▸ **Your objective**:
Look below for the line with "お客様からのご依頼により、1"; begin the copy there and stop after the line with "Зимнее одеяло шерпа, детские", keeping the text exact and the pictures out.

▸ **Task material**:
·····
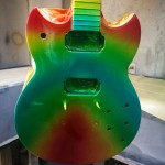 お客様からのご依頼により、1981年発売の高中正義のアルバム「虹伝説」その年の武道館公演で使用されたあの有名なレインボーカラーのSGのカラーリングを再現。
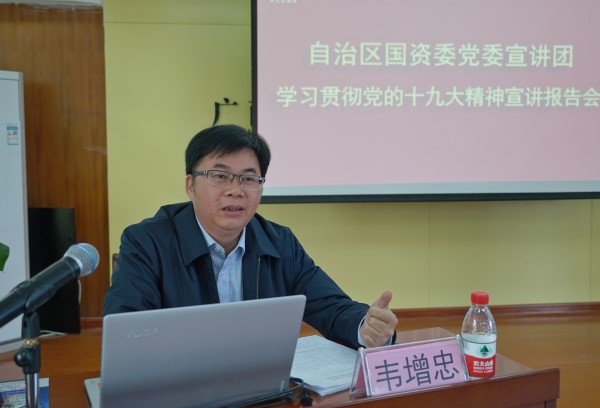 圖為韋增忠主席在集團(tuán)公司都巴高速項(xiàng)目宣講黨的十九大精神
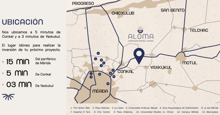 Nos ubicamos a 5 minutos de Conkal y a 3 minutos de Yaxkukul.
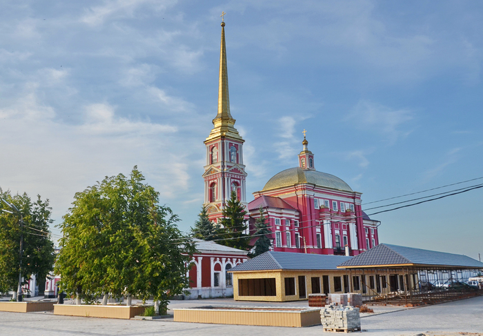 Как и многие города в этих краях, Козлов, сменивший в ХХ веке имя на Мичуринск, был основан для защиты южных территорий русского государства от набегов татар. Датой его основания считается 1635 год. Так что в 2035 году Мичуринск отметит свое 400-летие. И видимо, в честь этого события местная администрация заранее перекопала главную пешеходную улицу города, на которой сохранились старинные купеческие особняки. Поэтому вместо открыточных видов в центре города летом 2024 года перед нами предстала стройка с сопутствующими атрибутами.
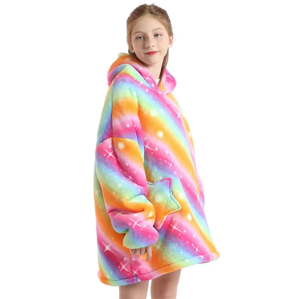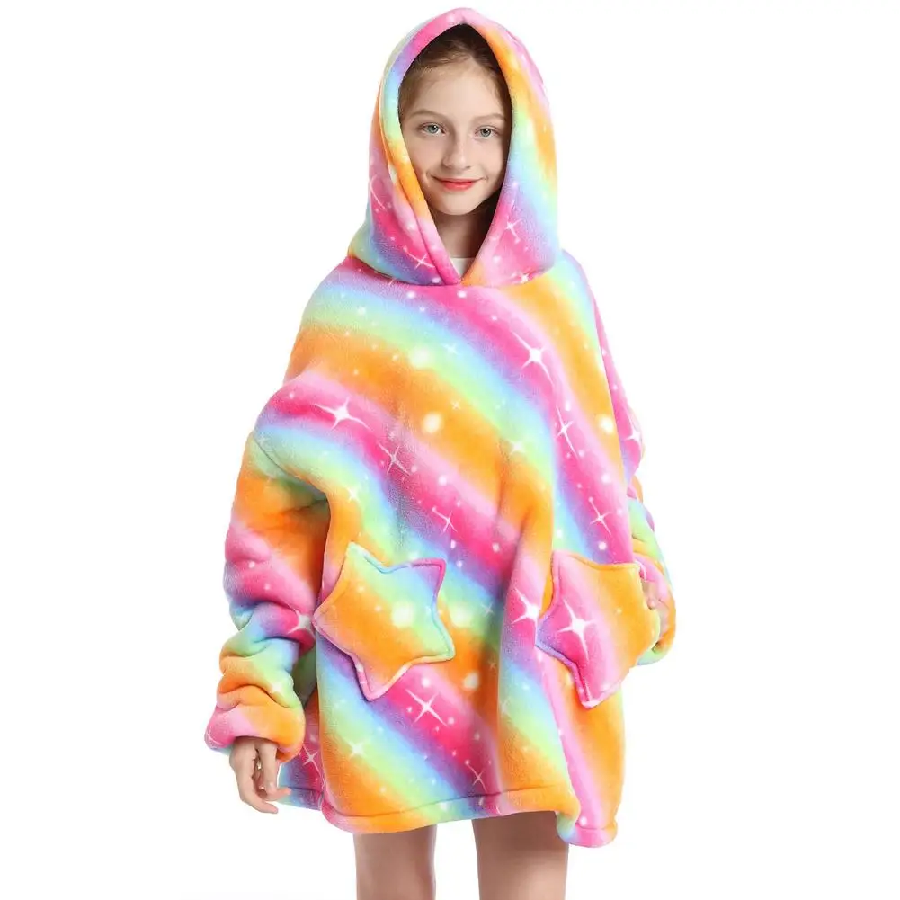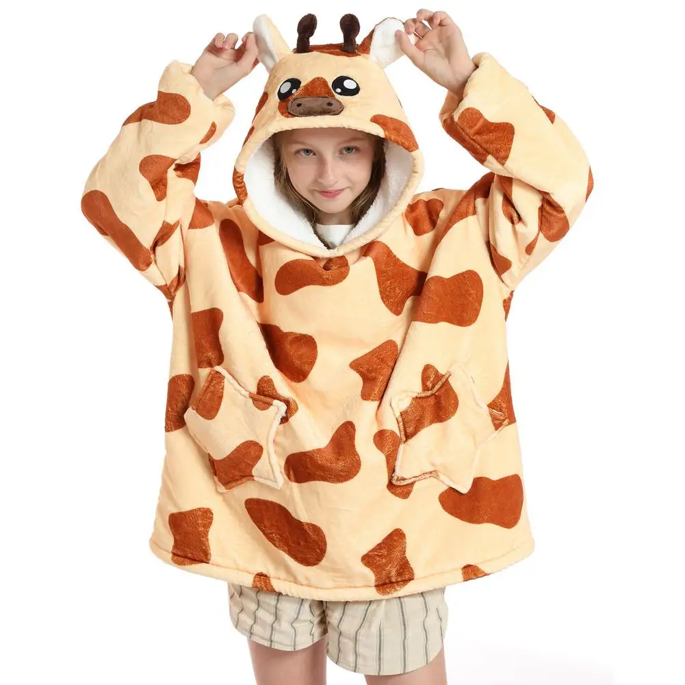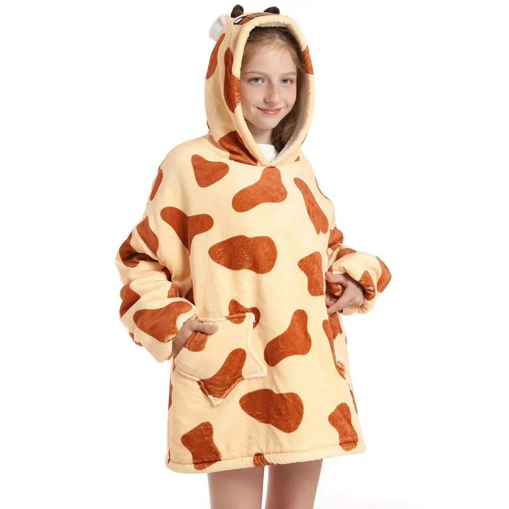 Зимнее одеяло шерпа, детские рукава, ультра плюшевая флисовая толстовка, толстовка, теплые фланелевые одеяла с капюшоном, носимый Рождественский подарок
·····
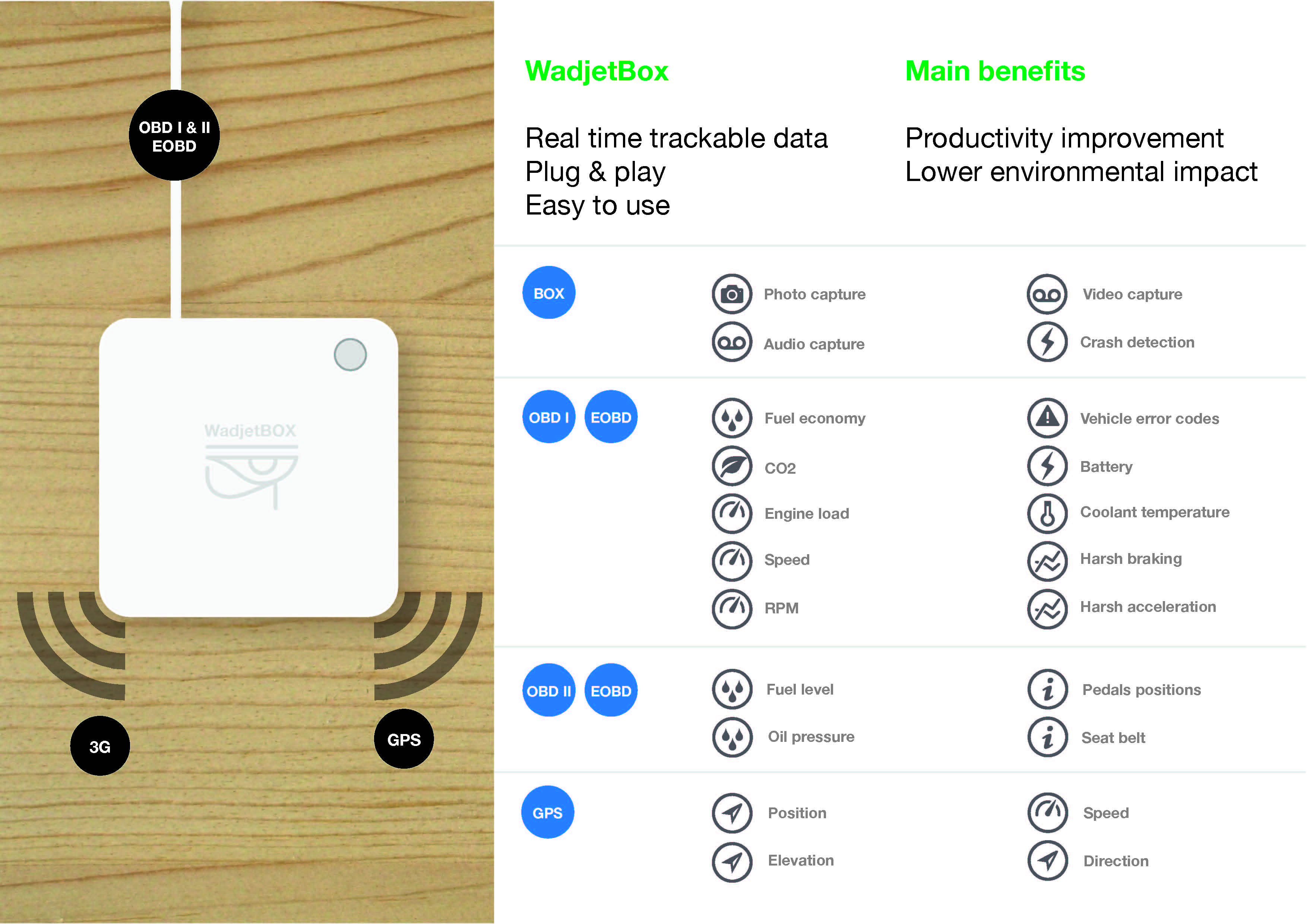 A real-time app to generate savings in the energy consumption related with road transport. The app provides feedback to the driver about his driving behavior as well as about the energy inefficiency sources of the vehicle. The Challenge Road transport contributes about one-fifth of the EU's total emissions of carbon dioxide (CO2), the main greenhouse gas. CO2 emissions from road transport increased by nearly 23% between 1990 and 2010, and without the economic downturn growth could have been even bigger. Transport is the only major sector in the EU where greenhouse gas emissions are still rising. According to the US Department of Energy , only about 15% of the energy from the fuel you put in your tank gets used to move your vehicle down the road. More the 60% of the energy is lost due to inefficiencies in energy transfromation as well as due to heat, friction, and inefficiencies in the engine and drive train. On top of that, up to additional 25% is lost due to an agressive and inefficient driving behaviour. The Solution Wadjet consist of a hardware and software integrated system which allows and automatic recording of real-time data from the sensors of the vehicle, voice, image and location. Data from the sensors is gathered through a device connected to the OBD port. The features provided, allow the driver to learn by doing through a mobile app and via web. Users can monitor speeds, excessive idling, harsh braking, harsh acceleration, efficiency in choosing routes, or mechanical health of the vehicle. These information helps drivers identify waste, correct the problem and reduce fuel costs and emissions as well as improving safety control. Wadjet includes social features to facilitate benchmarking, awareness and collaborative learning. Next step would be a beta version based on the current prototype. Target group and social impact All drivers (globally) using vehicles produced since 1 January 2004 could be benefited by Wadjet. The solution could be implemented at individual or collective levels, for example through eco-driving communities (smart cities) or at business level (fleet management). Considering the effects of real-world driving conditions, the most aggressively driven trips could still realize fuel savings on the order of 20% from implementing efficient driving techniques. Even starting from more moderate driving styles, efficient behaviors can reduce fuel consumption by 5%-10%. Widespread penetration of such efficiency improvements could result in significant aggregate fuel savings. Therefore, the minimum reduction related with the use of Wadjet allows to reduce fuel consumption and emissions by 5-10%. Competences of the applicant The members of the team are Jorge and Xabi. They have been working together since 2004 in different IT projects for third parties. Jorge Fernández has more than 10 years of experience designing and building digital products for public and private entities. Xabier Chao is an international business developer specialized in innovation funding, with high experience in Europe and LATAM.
·····
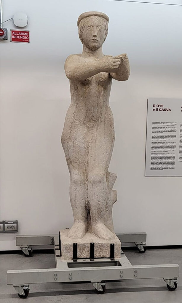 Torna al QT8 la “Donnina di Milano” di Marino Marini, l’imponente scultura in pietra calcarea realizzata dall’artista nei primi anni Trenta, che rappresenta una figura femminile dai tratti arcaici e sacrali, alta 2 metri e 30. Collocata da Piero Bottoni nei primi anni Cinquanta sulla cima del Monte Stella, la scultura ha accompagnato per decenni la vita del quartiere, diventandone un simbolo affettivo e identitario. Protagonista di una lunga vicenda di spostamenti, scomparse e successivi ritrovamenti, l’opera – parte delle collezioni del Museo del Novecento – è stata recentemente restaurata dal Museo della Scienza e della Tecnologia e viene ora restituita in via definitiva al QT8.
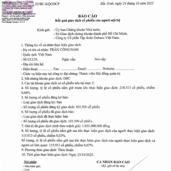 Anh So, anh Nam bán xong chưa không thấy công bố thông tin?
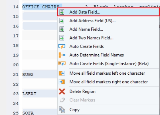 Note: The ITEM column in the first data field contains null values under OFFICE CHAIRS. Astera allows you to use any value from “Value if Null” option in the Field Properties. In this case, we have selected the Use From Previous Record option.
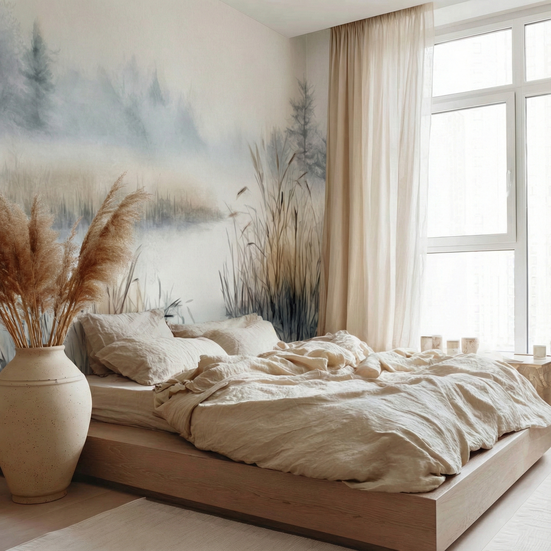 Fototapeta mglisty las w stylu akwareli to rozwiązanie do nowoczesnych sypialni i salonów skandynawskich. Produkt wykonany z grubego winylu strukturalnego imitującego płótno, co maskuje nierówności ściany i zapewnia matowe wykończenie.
·····
▸ **Final answer**:
 お客様からのご依頼により、1981年発売の高中正義のアルバム「虹伝説」その年の武道館公演で使用されたあの有名なレインボーカラーのSGのカラーリングを再現。
 圖為韋增忠主席在集團(tuán)公司都巴高速項(xiàng)目宣講黨的十九大精神
 Nos ubicamos a 5 minutos de Conkal y a 3 minutos de Yaxkukul.
 Как и многие города в этих краях, Козлов, сменивший в ХХ веке имя на Мичуринск, был основан для защиты южных территорий русского государства от набегов татар. Датой его основания считается 1635 год. Так что в 2035 году Мичуринск отметит свое 400-летие. И видимо, в честь этого события местная администрация заранее перекопала главную пешеходную улицу города, на которой сохранились старинные купеческие особняки. Поэтому вместо открыточных видов в центре города летом 2024 года перед нами предстала стройка с сопутствующими атрибутами.
 Зимнее одеяло шерпа, детские рукава, ультра плюшевая флисовая толстовка, толстовка, теплые фланелевые одеяла с капюшоном, носимый Рождественский подарок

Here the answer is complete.